Inventory is under Current Assets.
CA = Inventory +Debtors = 76 000
C. liabilities = Creditors + Loans =40 000. So, quick ratio = (CA-Inventories )/CL = 16000/40 000 = 0.4
Quote Guest, 23 November, 2013
do u include prepayments also?
Quote Guest, 4 April, 2014
Quote
Guest wrote:
How to calculate Quick ratio if Inventory is greater than Current Assets? For example :
Inventory (stock) at 1 May 2009 - $ 20000
Inventory (stock) at 30 April 2010 - $60000
Trade receivables (debtors) - $16000
Trade payables (creditors) - $35000
Loans repayable within 12 months (Bank Overdraft) - $5000
Quote Guest, 27 November, 2014
God richly bless you all for this information.it has
really helped me in my research work. thanks
Quote Magi, 7 May, 2015
This is useful in preparing my assignment.!!!
Thank you so much!!!
Quote Guest, 11 May, 2015
Very helpful for my assignment.
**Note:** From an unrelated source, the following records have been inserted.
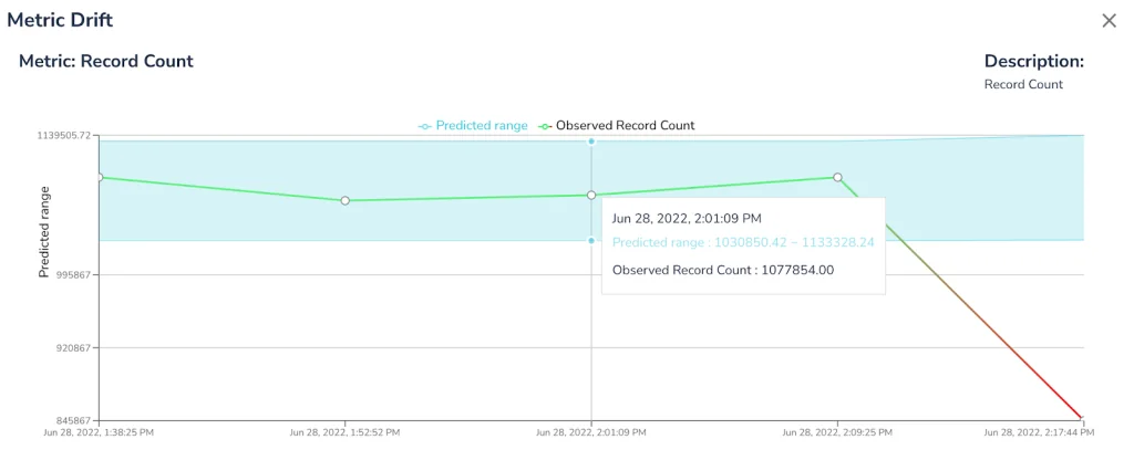 Telmai will automatically establish and predict trends over key metrics, like % of non-null/empty values, number of records, % of unique values and many more. When an observed value of a metric is outside of prediction boundaries Telmai will issue an alert and send a notification to subscribers.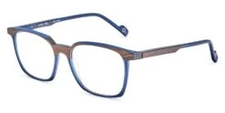 This square Etnia Barcelona optical comes in a metallic brushed copper with matte blue and black frame.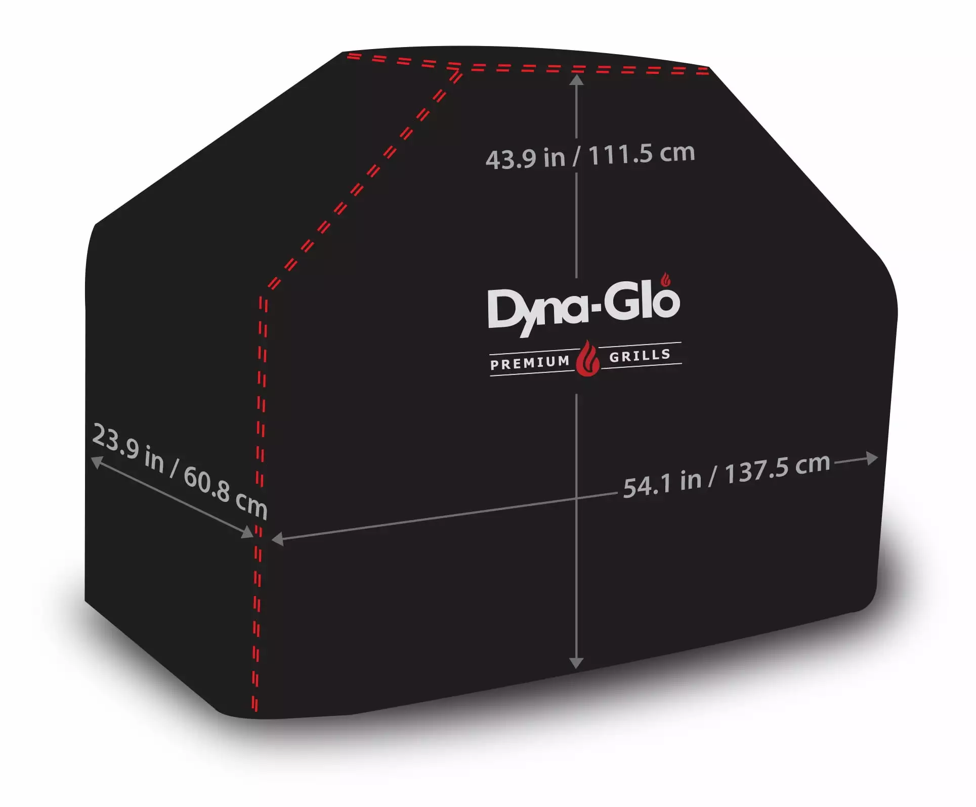 Provide year-round protection for your grill. with this Dyna-Glo Premium BBQ Cover. Made with water resistant. heavy-duty PVC shell and 900 Denier polyester lining to withstand harsh elements. Double-stitched seams provide additional strength and durability to help prolong the life of the cover. This cover also features durable nylon & rubber side handles for easily removing or handling the cover before and after use; Hook and loop fastener adjustment straps for a customized fit and mesh side vents that provide much needed airflow for keeping the grill moisture free. Cover dimensions: 54.1" W x 23.9" D x 43.9" H (137.5 x 60.8 x 111.5cm). Fits all Dyna-Glo 5 burner gas grills. or standard gas grill with assembled dimensions of 57" W x 25"D x 47"H (144.7 x 63.5 x 119cm)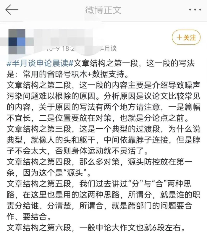 但如果你去问往年70分以上的申论考生,他们反而会更建议你去精读时评文章,去关注标题 (了解写什么)、梳理行文脉络(明确怎样写))、归纳主旨(领悟为何写)、自主总结(举一反三)。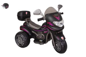 – Motores laterais cromados e decorativos, acelerador de pedal, possui trava de segurança removível e suporte para os pés com antiderrapante;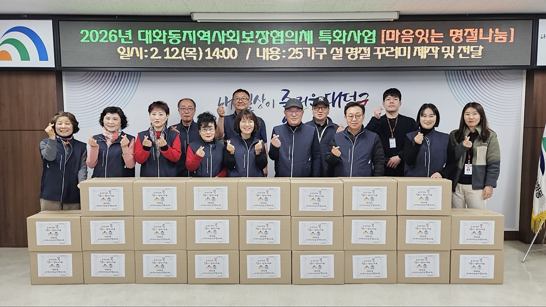 대전 대덕구 대화동 지역사회보장협의체, 이웃 사랑 설 꾸러미 지원 취약계층 홀몸 어르신 25명에 5만원 상당 명절 식품 전달 대전 대덕구 대화동(동장 장선영)은 12일 대화동 지역사회보장협의체(위원장 이기태)가 설 명절을 맞아 ‘마음 잇는 명절 나눔’ 식품 꾸러미 지원사업을 추진했다고 밝혔다. 이번 사업은 설 연휴 기간 식사 준비에 어려움을 겪는 1인 가구 어르신의 생활 부담을 덜고 정서적 안정을 돕기 위해 추진됐다. 협의체는 65세 이상 홀몸 어르신 등 취약계층 25명을 대상으로 영양밥, 갈비탕, 과일, 뉴케어 등으로 구성된 5만원 상당의 명절 꾸러미를 마련해 전달했다. 또한 안부를 확인하는 등 정서적 지지 활동을 함께 펼쳤다. 이기태 대화동 지역사회보장협의체 위원장은 “명절마다 홀로 지내시는 어르신들께 작은 정성과 따뜻한 마음을 전하고자 위원님들과 함께 준비했다”며 “앞으로도 이웃과 이웃을 잇는 돌봄 활동을 이어가겠다”고 말했다. 장선영 대화동장은 “설 명절 식품 꾸러미 지원사업이 지속 가능한 명절 나눔 사업으로 자리 잡도록 적극 지원하겠다”며 “앞으로도 주민이 체감할 수 있는 맞춤형 복지를 통해 따뜻한 대화동을 만들어 가겠다”고 말했다. [사진 설명 : 장선영 대화동장(사진 첫 번째 줄 왼쪽 다섯 번째)과 이기태 대화동 지역사회보장협의체 위원장(사진 첫 번째 줄 왼쪽 여섯 번째), 대화동 지역사회보장협의체 위원 및 대화동 직원들이 12일 설 연휴 기간 식사 준비에 어려움을 겪는 1인 가구 어르신을 위한 ‘마음 잇는 명절 나눔’ 식품 꾸러미를 전달하기에 앞서 기념 촬영을 하고 있다.] |

Really thanks to this website :)
Quote Guest, 12 July, 2015
thank you much for this information which is presented in understandable way in order for me to complete my research.
Quote Guest, 23 December, 2016
The ratio has been broken down to very easy and understandable terms, it makes Financial Accounting easy for me, this info is truly priceless, Thank you for sharing this!